Efficiency Issue with "SELECT IN (..)" and "SELECT .. OR .."

From: Mike Winter <mike(dot)winter(at)frontlogic(dot)com>
To: <pgsql-sql(at)postgresql(dot)org>
Subject: Efficiency Issue with "SELECT IN (..)" and "SELECT .. OR .."
Date: 2003-05-15 21:44:29
Message-ID: Pine.LNX.4.33L2.0305151524590.6984-100000@frontlogic.com
Views: Raw Message | Whole Thread | Download mbox | Resend email
Thread:
Lists: pgsql-sql

Hi, when doing queries of the type:

SELECT id FROM foo WHERE id IN (1, 4, 3, 2, 10, 11, 14) .., I get
terrible performance on tables of any resonable size.
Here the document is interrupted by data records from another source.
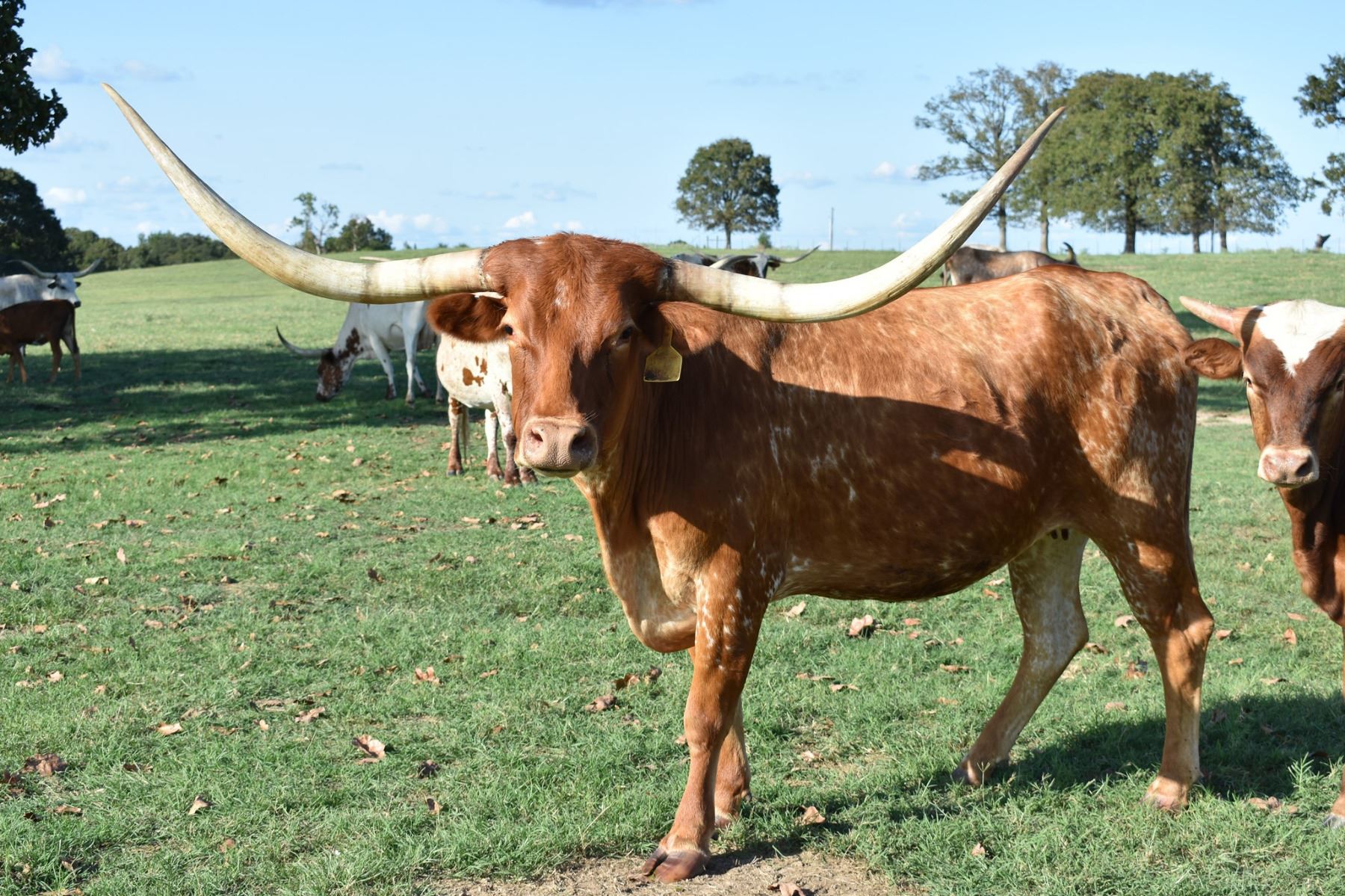 COMMENTS: We like orange and white cows and this is young gal with Joe and Lorinda Valentine breeding that we bought directly from Bill Hudson. Really easy keeper, calves like clock work and is bred back to CV Call of Duty 4x HSC Champion 84.5" TTT/107" total horn...Brindle on Orange..could be a coil colored calf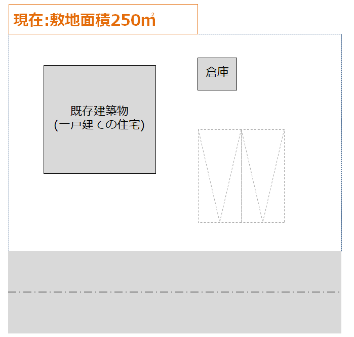敷地が広いため、既存の倉庫と駐車場を撤去し、敷地を分割して余った土地に新たに一戸建て住宅を建てる計画です。一戸建て住宅は可分のため別棟増築はできず、敷地を分割したうえで新築として確認申請を出す必要があります。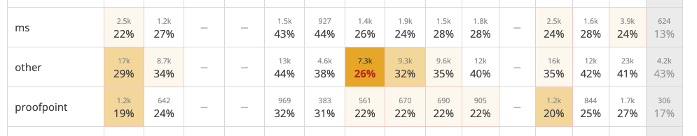 mswill continue to refer to Hotmail, Outlook, and Live domain names, andoffice_365will cover work and university domains using Office 365. We've seen Office 365 make different filtering decisions from Microsoft's consumer domains, so we think it's worth considering them separately in reports and targeting.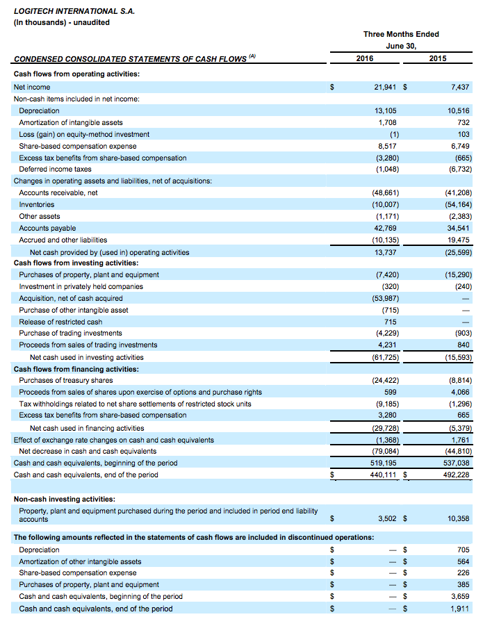 Logitech has made its prepared written remarks for the financial results teleconference available online on the Logitech corporate website at http://ir.logitech.com.
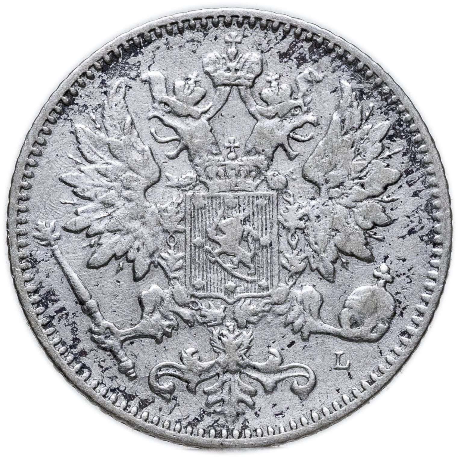 В центре изображён полный Герб Великого княжества Финляндского - двуглавый орёл, головы которого увенчаны двумя коронами, третья, большая корона над ними. Все они соединены орденской лентой ордена Св. Апостола Андрея Первозванного. На груди орла расположен щит с титульным гербом Великого князя Финляндского, увенчанный княжеской короной. Вокруг щита орденская цепь с орденом Св. Апостола Андрея Первозванного. В правой лапе орла – скипетр, в левой – держава. Под левой лапой знак директора Гельсингфосского монетного двора - литера «L», Johan Conrad Lihr (Йохан Конрад Лир). По окружности канта имеются рельефные элементы, выполненные в виде зубцов.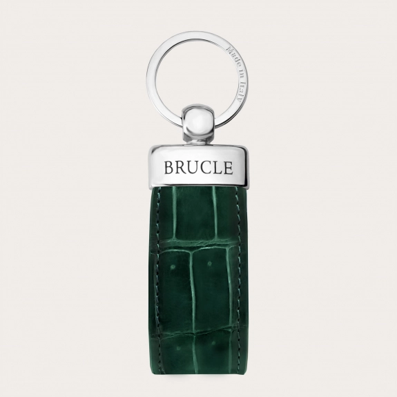 Porte-clés en crocodile vert fabriqué à la main en Italie.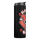 Karo Chibi Harley Quinn, als sie vor einer roten Polka Dot Diamond Kulisse mit ihrem Namen um sie geschrieben.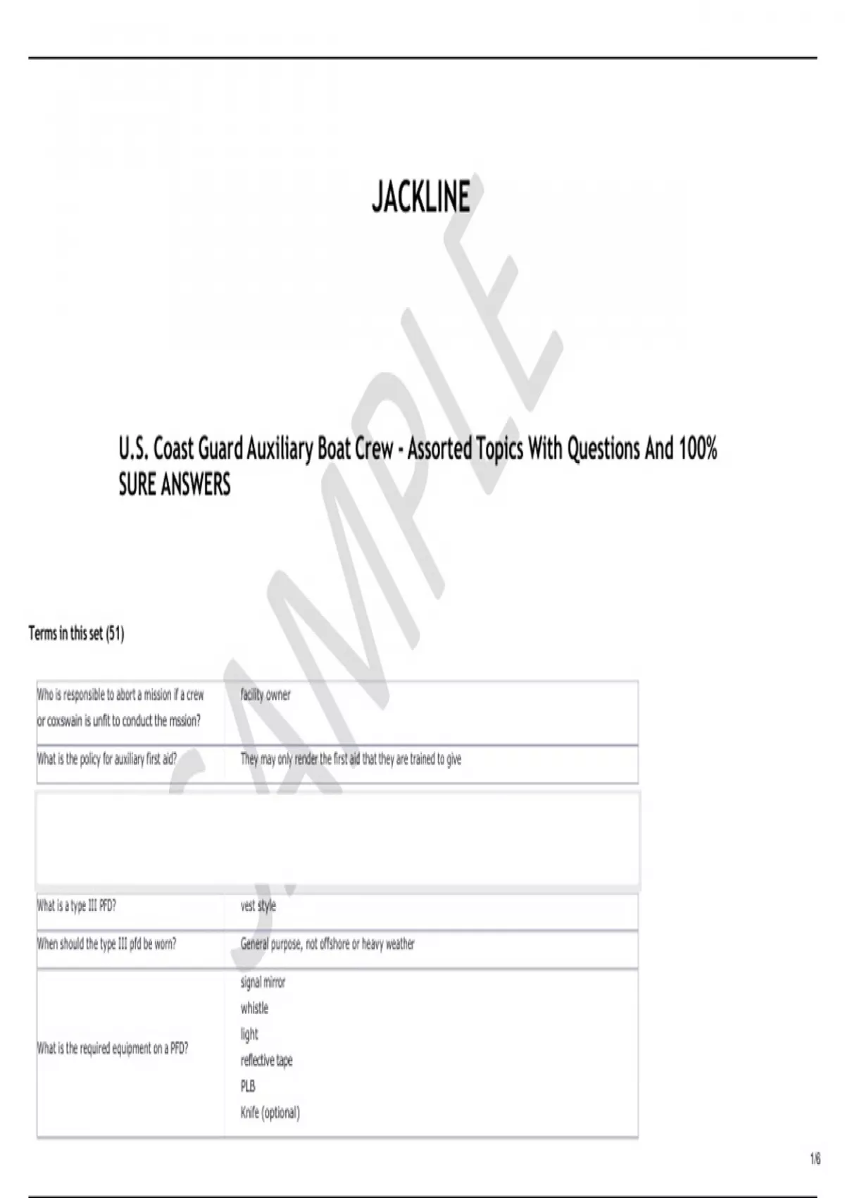 U.S. Coast Guard Auxiliary Boat Crew - Assorted Topics With Questions And 100%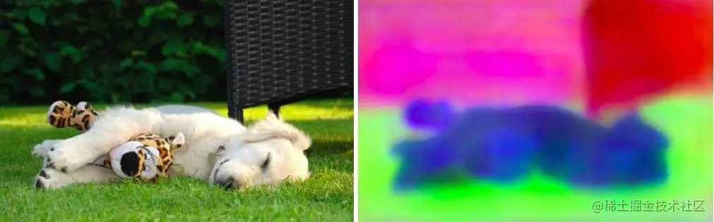 然后,神经网络检测到“soft transitions”,例如狗狗的毛发和草。以前这个过程必须手动去做。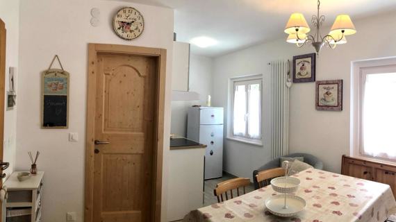 Apartment for rent in Serrada di Folgaria in Trentino, about 40sqm on the first floor. It features a carefully furnished kitchen equipped with an oven, fridge, and stove. One triple room. Windowed bathroom with shower. Common use washing machine available. Ski storage and parking space.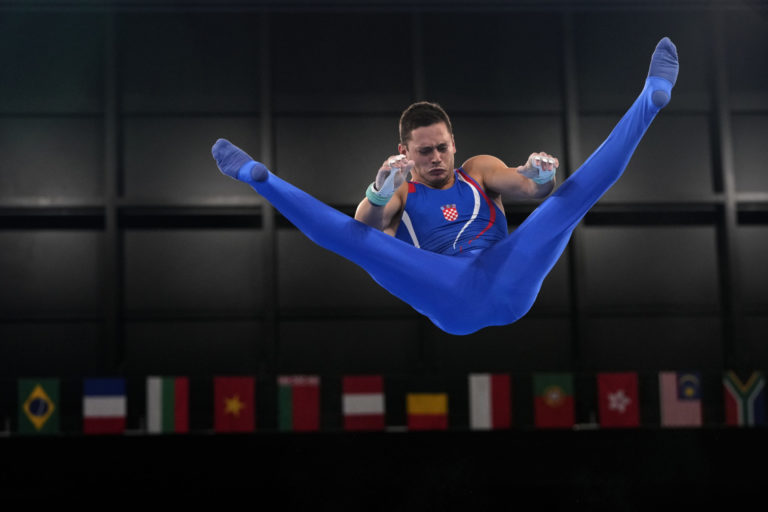Chorvátsky gymnasta Tin Srbic počas svojho vystúpenia na letnej olympiáde v Tokiu. Tokio, 3. august 2021. Foto: SITA/AP

I see the
same behaviour when doing queries of the form "SELECT id FROM
foo WHERE id = 5 OR id = 6 OR ..."

When doing an "EXPLAIN" on the query, I get output like the
following:

Index Scan using foo_idx, foo_idx, foo_idx, foo_idx, foo_idx,
foo_idx on foo (cost=0.00..18.16 rows=6 width=4)

If the "IN (1, 2, 3, 6, ..., n)" clause is big enough, the
database will actually throw an error saying "Recursive Depth
Exceeded" or something similar and not complete the query.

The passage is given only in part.